Finally, the feature pitch-bending (i.e., "How easy is it on this instrument to bend the pitch? [to play small intervals]", p.34) seems to refer to the capability to play micro-intervals, as almost all the instruments included in the study (with the exception of a few percussion instruments) are able to produce the smallest standard interval in the Western music tradition — the minor second. One might ask why the capability to play micro-intervals (or to manipulate intonation) would be important for the portrayal of sadness? Granted, small pitch variability has been associated with sad expression in both music and speech (see e.g., Juslin & Laukka, 2003), but the Western classical music repertoire — sad music included — rarely requires the production of micro-intervals (although vibrato and glissandos are sometimes used as stylistic devices). Furthermore, Huron (2008) found that the average interval size for minor key themes (2.42 semitones) was only slightly smaller than for major key themes (2.46 semitones), thus not giving any indication that unusually small intervals would be characteristic of sad music. In comparison, "pitch-bending" could be seen as characteristic of speech in general — not just sad speech — in the sense that the pitch and pitch changes in speech are often fuzzy.

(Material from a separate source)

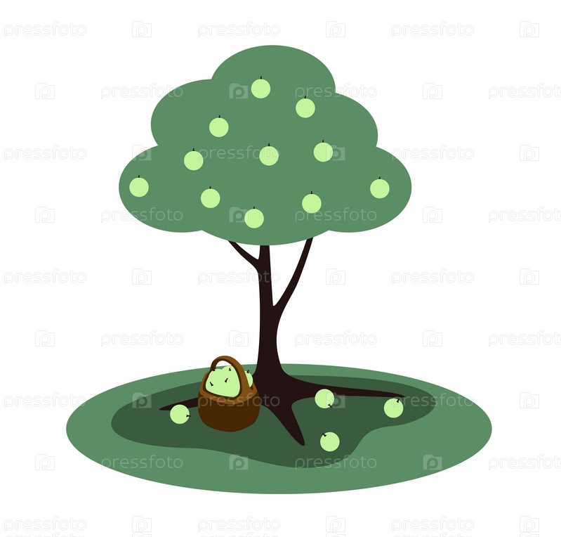 Векторная яблоня рядом с корзиной с собранными яблоками на белом фоне
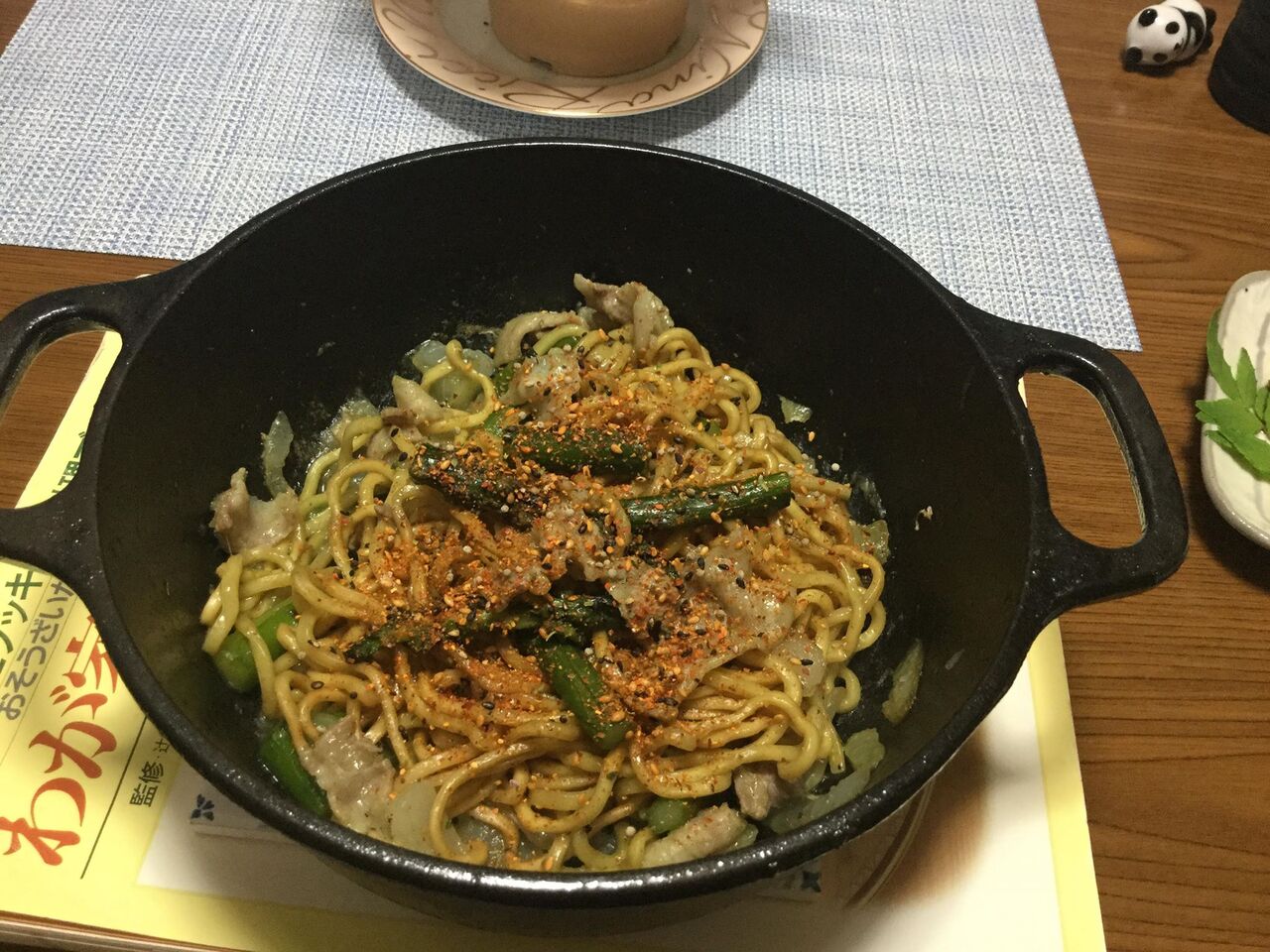 ずっと放置してたLODGEの鉄鍋を焼入れメンテナンスして、カレー焼きそば作った昨晩。

Somewhat surprisingly, pitch-bending turned out to be the only significant predictor of sadness capacity. It may be that the variable pitch-bending actually captured something essential about an instrument's capacity to convey sadness; something that comprises more than just the ability to produce micro-intervals. The three instruments (besides voice) most highly rated on sadness capacity — the cello, violin, and viola — were also among the highest rated in terms of pitch-bending capability. What is characteristic of these bowed string instruments is that in addition to a very precise control of pitch, they also allow the variation of articulation, loudness, and timbre to an extent that resembles — and even exceeds — the capabilities of the human voice. If music and speech indeed utilize similar acoustic features to convey sadness, it wouldn't be surprising if the instruments judged as most capable of conveying sadness would be those that enable similar manipulations of pitch, timbre, loudness, and articulation as the human voice. Huron and colleagues do mention the possibility that "…acoustical attributes that convey a more voice-like sound are important, or even essential, for expressing or conveying sadness" (p. 39, although their main explanation focuses on a different kind of underlying factor).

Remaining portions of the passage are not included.